Pendant ce temps, les Allemands arrivent à Paris et le reste de la famille suit le mouvement d’exode vers le sud. Ils arrivent à Port-Sainte-Marie dans le Lot-et-Garonne où Liliane voit le jour dans un hospice pour vieillards. Ils reviennent cependant à Paris, 51 rue des Francs-Bourgeois dans le Marais, pour avoir quelques chances de recevoir des nouvelles de Robert, dont on ne sait pas ce qu’il est devenu. Ce n’est qu’en novembre que la Croix Rouge confirme qu’il est vivant tout en affirmant de pas avoir d’information sur sa localisation.
Début des restrictions….
A Paris, la famille doit faire face aux mesures antijuives : faire les courses entre 11h et 12h avec des tickets de rationnement (créneau horaire où il ne reste plus grand-chose dans les rayons), voyager dans le dernier wagon du métro, interdiction d’aller dans les parcs, au cinéma, plus de métiers en relation avec le public et bien évidemment le port obligatoire de l’étoile jaune dès 1942. Ce signe distinctif qui conduit Paulette à demander que Jean, l’aîné, ne reçoive plus de récompenses pour ses exploits scolaires car il ne peut se présenter aux remises de prix. La famille subit, comme toute la population française, la pénurie de biens de première nécessité et le grand froid de l’hiver 1940-41. Elle bénéficie cependant de l’aide discrète de madame Pierre, la femme de ménage, qui prend place pour Paulette dans les files d’attentes de ravitaillement. Un exemple de résistance cachée.

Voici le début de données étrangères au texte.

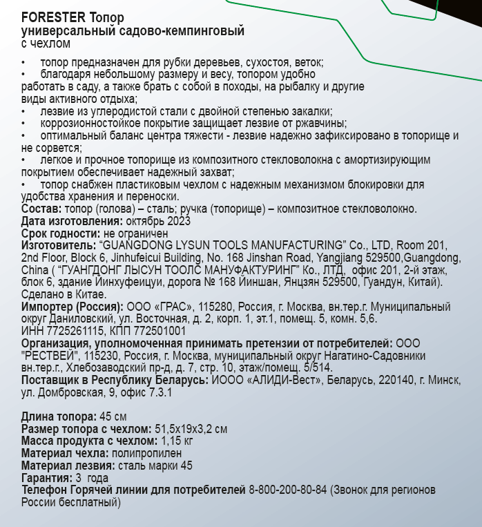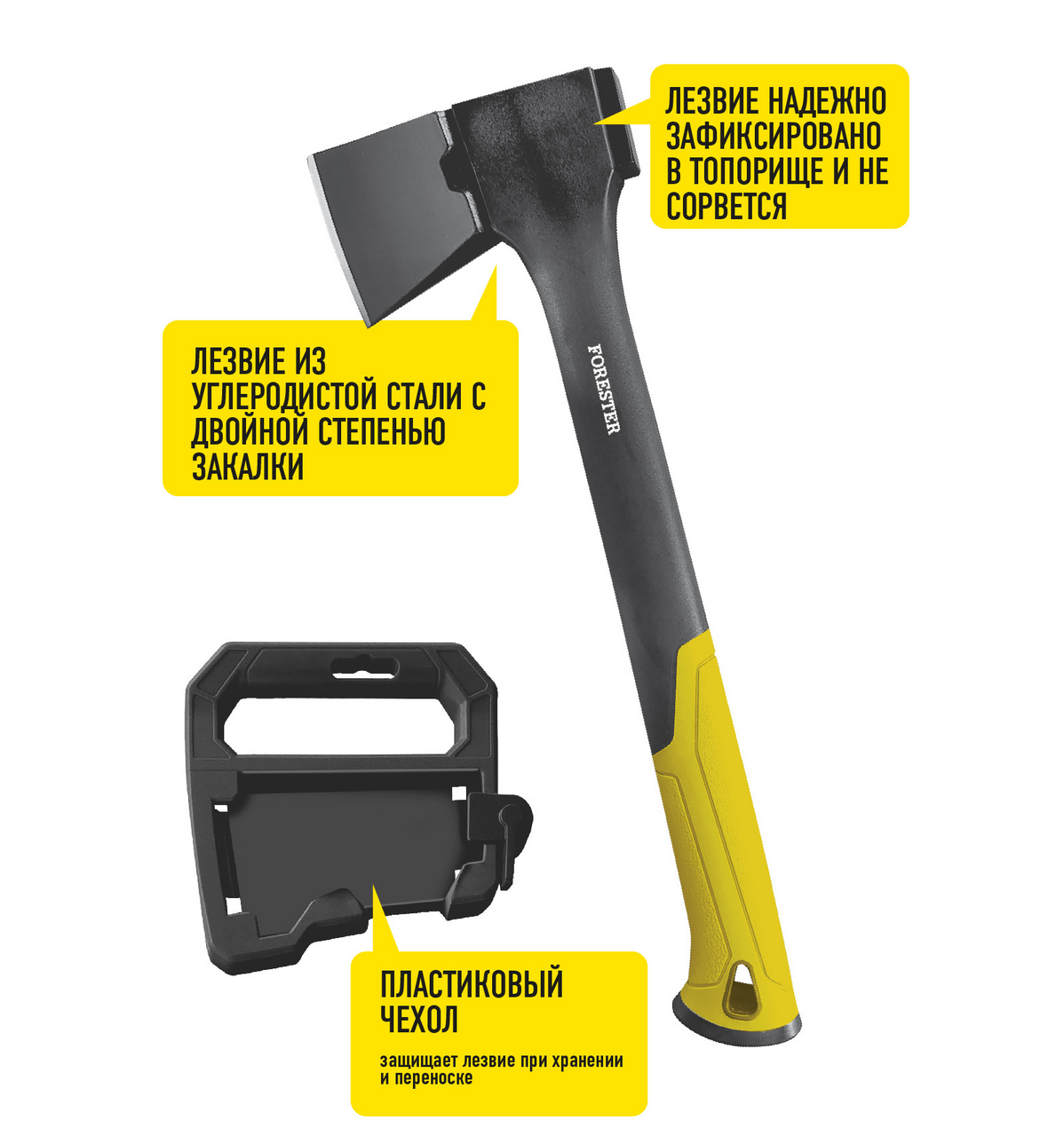 Топор предназначен для рубки деревьев, сухостоя, веток. Благодаря небольшому размеру и весу, топором удобно работать в саду, а также брать с собой в походы, на рыбалку и другие виды активного отдыха. Лезвие из углеродистой стали с двойной степенью закалки. Коррозионностойкое покрытие защищает лезвие от ржавчины. Оптимальный баланс центра тяжести - лезвие надежно зафиксировано в топорище и не сорвется. Легкое и прочное топорище из композитного стекловолокна с амортизирующим покрытием обеспечивает надежный захват. Топор снабжен пластиковым чехлом с надежным механизмом блокировки для удобства хранения и переноски.

Au printemps 1941, lors de la rafle du billet vert, son oncle Maurice, l’époux de Marinette, la sœur de Paulette, et un cousin éloigné sont convoqués et se rendent au commissariat. Motif de l’arrestation : « en surnombre dans l’économie nationale »! Malheureusement, ils sont envoyés au camp de Beaune-la-Rolande puis à Auschwitz. Mais ils parviennent miraculeusement à s’en sortir après trois longues années de déportation.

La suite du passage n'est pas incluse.